= Dorothea Wight =

British printmaker and artist

Dorothea Wight (born in Devon England, 1944, died 2013, Muswell Hill, London) was a British printmaker and artist. Wight is best known for founding the Studio Prints on Queen's Crescent, where editions of artists’ prints were created, working with some of the most important contemporary British artists, including Frank Auerbach, Lucian Freud, Ken Kiff, R. B. Kitaj, Leon Kossoff, Celia Paul, Paula Rego, William Turnbull, Kim Lim and more than 100 other artists. She married her collaborator in the workshop, Marc Balakjian, in 1973. The two would lead Studio Prints in introducing a number of techniques to British printmaking, and the studio was considered "at the forefront of British Printmaking for 40 years".
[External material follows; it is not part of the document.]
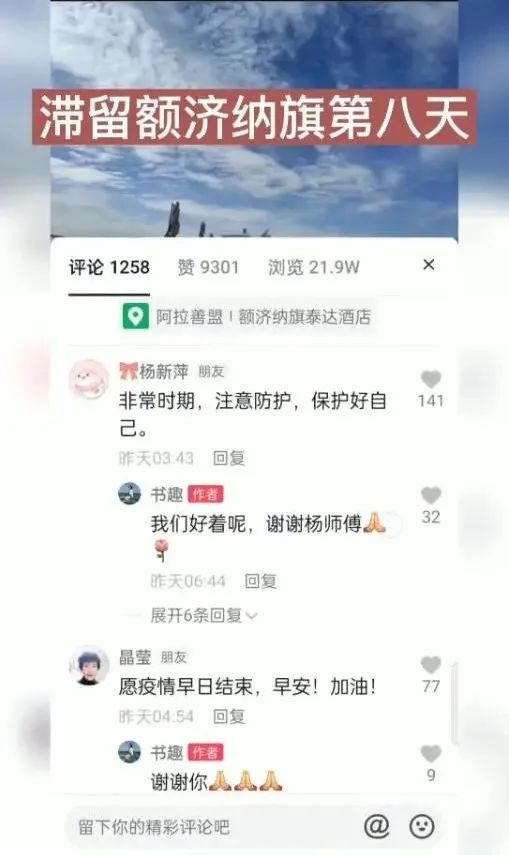 視頻發(fā)出數(shù)小時就吸引了上萬的瀏覽量。視頻發(fā)布者王女士在視頻中呈現(xiàn)一家人滯留額濟納旗現(xiàn)況的同時,也給和她同樣滯留額濟納旗的近萬名游客鼓勁:“如果你此時正在阿拉善,愿你如胡楊般堅強,積極應對疫情。”

She was also an artist in her own right, known for her mezzotints which have been exhibited across the world in countless solo and group exhibitions. Her works are in a number of permanent collections in the UK including those of the V&A, the British Museum, the British Council, the Arts Council of Great Britain, the Museum of London, the Fitzwilliam Museum, The New Art Gallery Walsall. Her work is also included in major collections in France, Germany, Poland, Belgium, Norway, Poland and Australia.

== Personal life ==
Wight was born and grew up in Totnes, Devon. Her father, of Scottish descent, was a potter. Wight also learned piano while a child, later in life relearning the skill for public performance.

Wight attend Dartington College of Art from 1963 to 1964 and then studied painting at the Slade School of Fine Art from 1964 to 1968.

Wight died of a rare form of non-Hodgkin’s lymphoma, which she was diagnosed with in 2000, with her health deteriorating over the next 13 years. Her health forced the closure of Studio Prints in 2011.